Get Started

Installation

To run experiments locally, you need to clone the repository and install a python environment.

git clone https://github.com/fhg-iisb-mki/cleanqrl.git
cd cleanqrl
conda env create -f environment.yaml

That's it, now everything's set up!

Run initial experiments

Each agent can be run as a single file, either from the parent directory or directly in the subfolder. First, activate the environment cleanqrl and then execute the algorithm's python file:

conda activate cleanqrl
python cleanrl/reinforce_quantum.py

or go directly into the folder and execute

conda activate cleanqrl
cd cleanqrl 
python reinforce_quantum.py

Before you execute the files, customize the parameters in the Config class at the end of each file. Every file has such a dataclass object and the algorithm is callable as a function which takes the config as input:

def reinforce_quantum(config):
    num_envs = config["num_envs"]
    total_timesteps = config["total_timesteps"]
    env_id = config["env_id"]
    gamma = config["gamma"]
    lr_input_scaling = config["lr_input_scaling"]
    lr_weights = config["lr_weights"]
    lr_output_scaling = config["lr_output_scaling"]
    ....

This function can also be called from an external file (see below for details). But first, let's have a closer look at the Config class:

reinforce_quantum.py

@dataclass
class Config:
    # General parameters
    trial_name: str = 'reinforce_quantum'  # Name of the trial
    trial_path: str = 'logs'  # Path to save logs relative to the parent directory
    wandb: bool = False # Use wandb to log experiment data 
    project_name: str = "cleanqrl"  # If wandb is used, name of the wandb-project

    # Environment parameters
    env_id: str = "CartPole-v1" # Environment ID

    # Algorithm parameters
    num_envs: int = 1  # Number of environments
    total_timesteps: int = 100000  # Total number of timesteps
    gamma: float = 0.99  # discount factor
    lr_input_scaling: float = 0.01  # Learning rate for input scaling
    lr_weights: float = 0.01  # Learning rate for variational parameters
    lr_output_scaling: float = 0.01  # Learning rate for output scaling
    cuda: bool = False  # Whether to use CUDA
    num_qubits: int = 4  # Number of qubits
    num_layers: int = 2  # Number of layers in the quantum circuit
    device: str = "default.qubit"  # Quantum device
    diff_method: str = "backprop"  # Differentiation method
    save_model: bool = True # Save the model after the run

As you can see, the config is divided into 3 parts:

General parameters: Here the name of your experiment as well as the logging path are defined. All metrics will be logged in a result.json file in the result folder which will have the time of the experiment execution as a prefix. You can also use wandb for enhanced metric logging.
Environment parameters: This is in the simplest case just the string of the gym environment. For jumanji environments as well as for your custom environments, you can also specify additional parameters here (see #Tutorials for details).
Algorithms parameters: All algorithms hyperparameters are specified here. For details on the parameters see the algorithms section

Once you execute the file, it will create the subfolders and copy the config which is used for the experiment in the folder:

reinforce_quantum.py

    config = vars(Config())

    # Based on the current time, create a unique name for the experiment
    config['trial_name'] = datetime.now().strftime("%Y-%m-%d--%H-%M-%S") + '_' + config['trial_name']
    config['path'] = os.path.join(Path(__file__).parent.parent, config['trial_path'], config['trial_name'])
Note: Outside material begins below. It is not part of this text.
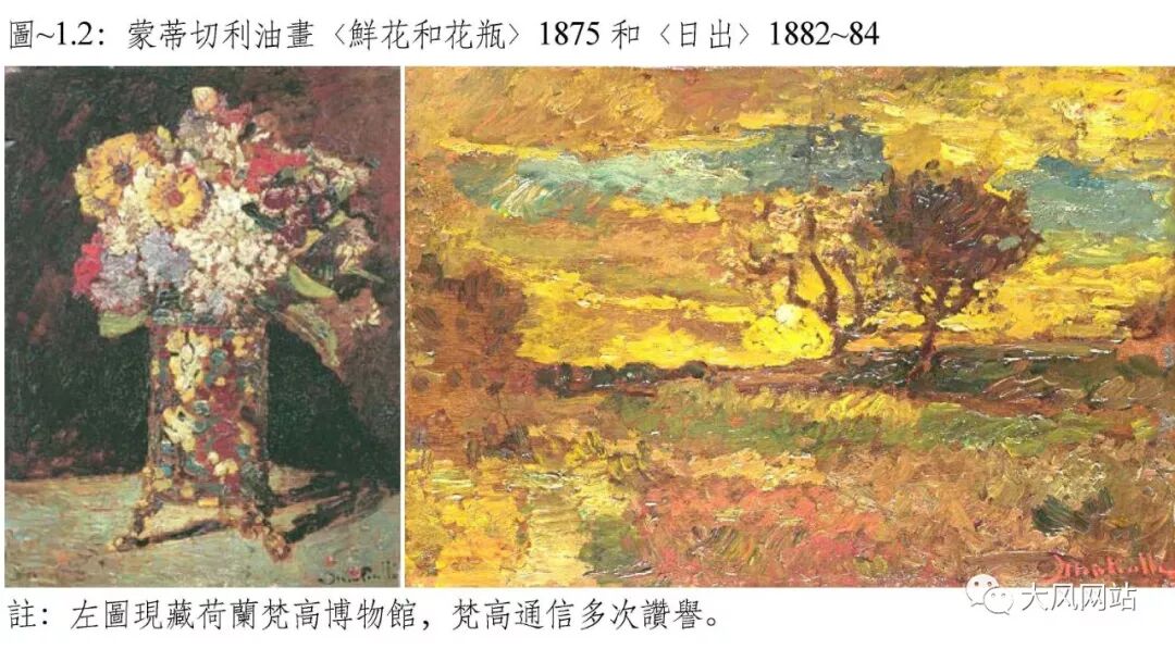 蒙蒂切利是位思維縝密的色彩大師,能在協調色調變化進行最為複雜和細微的構思,這樣的工作必然會導致他用腦過度,就像德拉克洛瓦和里查·瓦格納那樣。——致提奧1888年7月1日《梵高書信全集》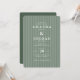 This elegant wedding invitation features a vertically orientated layout with a classic and minimalist design. The background showcases subtle vertical stripes in varying shades of muted green, creating a sophisticated backdrop for the clean, serif typography that dominates the composition. The text is centrally aligned, emphasizing clarity and balance, while the colour palette of greens and whites conveys a timeless and formal aesthetic. Perfect for couples seeking an understated yet refined look, this invitation sets the tone for a traditional and memorable celebration.

    # Create the directory and save a copy of the config file so that the experiment can be replicated
    os.makedirs(os.path.dirname(config['path'] + '/'), exist_ok=True)
    config_path = os.path.join(config['path'], 'config.yml')
    with open(config_path, 'w') as file:
        yaml.dump(config, file)

    # Start the agent training 
    reinforce_quantum(config)

After the execution, the experiment data is saved e.g. at:

...
configs
examples
logs/
    2025-03-04--14-59-32_reinforce_quantum          # The name of your experiment
        config.yaml                                 # Config which was used to run this experiment
        result.json                                 # Results of the experiment
.gitignore
...

You can also set the wandb variable to True:

reinforce_quantum.py

@dataclass
class Config:
    # General parameters
    trial_name: str = 'reinforce_quantum_wandb'  # Name of the trial
    trial_path: str = 'logs'  # Path to save logs relative to the parent directory
    wandb: bool = True # Use wandb to log experiment data 
    project_name: str = "cleanqrl"  # If wandb is used, name of the wandb-project

    # Environment parameters
    env_id: str = "CartPole-v1" # Environment ID

You will need to login to your wandb account before you can run:

wandb login # only required for the first time
python cleanrl/reinforce_quantum.py \

This will create an additional folder for the wandb logging and you can inspect your experiment data also online:

...
configs
examples
logs/
    2025-03-04--14-59-32_reinforce_quantum_wandb    # The name of your experiment
        wandb                                       # Subfolder of the wandb logging
        config.yaml                                 # Config which was used to run this experiment
        result.json                                 # Results of the experiment
.gitignore
...

Run experiments with config files

Additionally, all algorithms can be executed from an external script. There are two examples in the root directory main.py and main_batch.py. You can specify all parameters in a YAML file instead (and also reuse the config.yamlfiles which have been generated in previous runs). For examples, take a look at the configs/basicfolder. You will just need to specify the config path.

main.py

    config_path = "configs/basic/reinforce_quantum.yaml"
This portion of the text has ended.